Start of Block
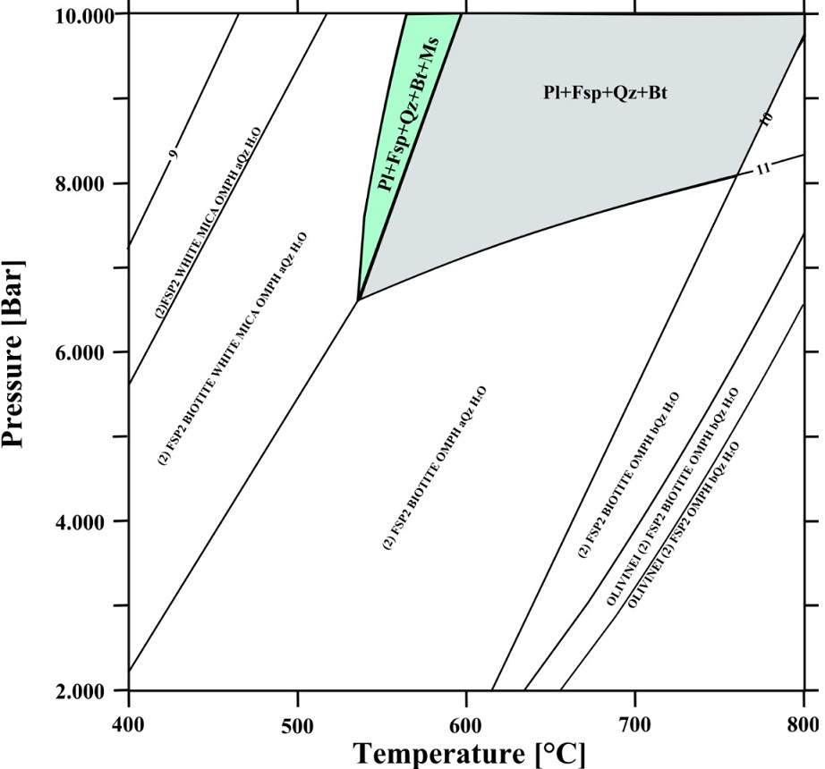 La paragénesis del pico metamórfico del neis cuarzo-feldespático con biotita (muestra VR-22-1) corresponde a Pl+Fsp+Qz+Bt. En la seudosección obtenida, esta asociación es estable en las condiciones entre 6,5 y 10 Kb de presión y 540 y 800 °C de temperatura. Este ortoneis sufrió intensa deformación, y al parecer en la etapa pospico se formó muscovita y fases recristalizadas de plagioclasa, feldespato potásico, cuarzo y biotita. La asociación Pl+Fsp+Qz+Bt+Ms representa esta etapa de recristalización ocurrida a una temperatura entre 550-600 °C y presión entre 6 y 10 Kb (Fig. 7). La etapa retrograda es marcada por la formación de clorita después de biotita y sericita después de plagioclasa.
End of Block
Start of Block
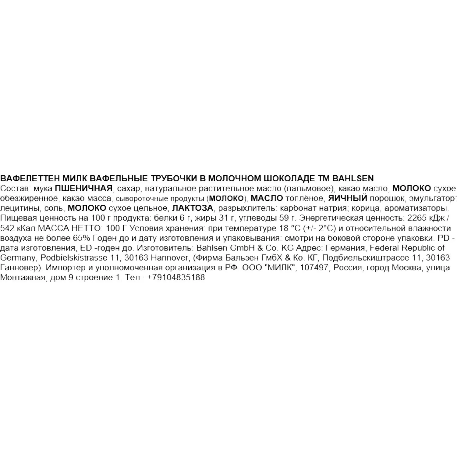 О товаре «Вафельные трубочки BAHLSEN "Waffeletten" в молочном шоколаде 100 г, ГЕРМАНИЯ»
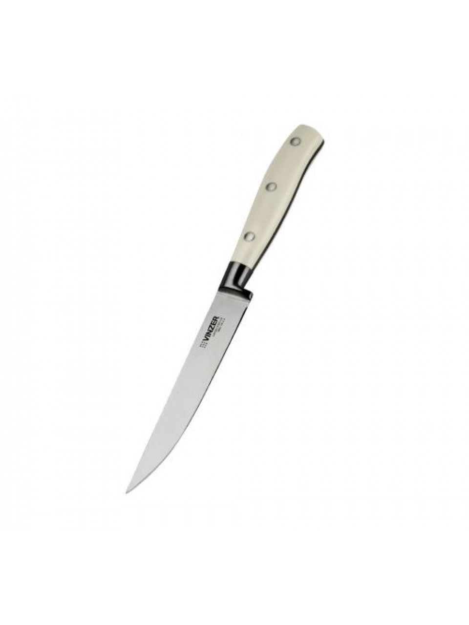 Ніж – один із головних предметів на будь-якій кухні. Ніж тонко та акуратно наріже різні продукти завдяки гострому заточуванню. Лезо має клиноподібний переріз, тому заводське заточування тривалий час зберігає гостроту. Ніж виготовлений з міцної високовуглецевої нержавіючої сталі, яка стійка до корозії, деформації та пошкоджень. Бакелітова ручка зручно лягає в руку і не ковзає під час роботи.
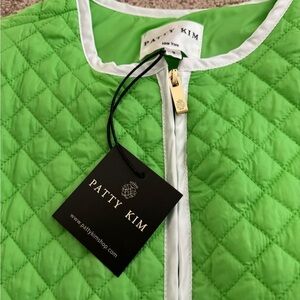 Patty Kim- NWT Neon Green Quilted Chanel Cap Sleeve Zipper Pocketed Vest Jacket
End of Block
Start of Block
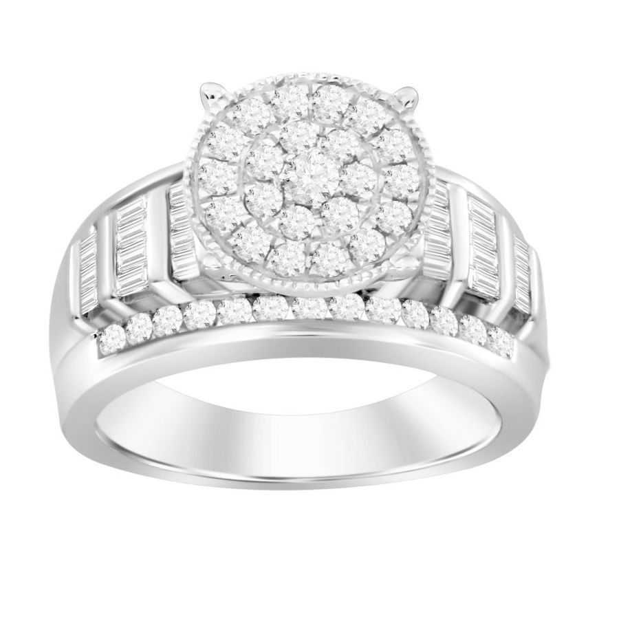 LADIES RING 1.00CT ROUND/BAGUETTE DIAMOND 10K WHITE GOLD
End of Block
■ **What you have to do**
Output exactly the lines above, from the line with "Ніж – один із" to the line with "Patty Kim- NWT", both included; skip the pictures.

■ **Your solution**
 Ніж – один із головних предметів на будь-якій кухні. Ніж тонко та акуратно наріже різні продукти завдяки гострому заточуванню. Лезо має клиноподібний переріз, тому заводське заточування тривалий час зберігає гостроту. Ніж виготовлений з міцної високовуглецевої нержавіючої сталі, яка стійка до корозії, деформації та пошкоджень. Бакелітова ручка зручно лягає в руку і не ковзає під час роботи.
 Patty Kim- NWT Neon Green Quilted Chanel Cap Sleeve Zipper Pocketed Vest Jacket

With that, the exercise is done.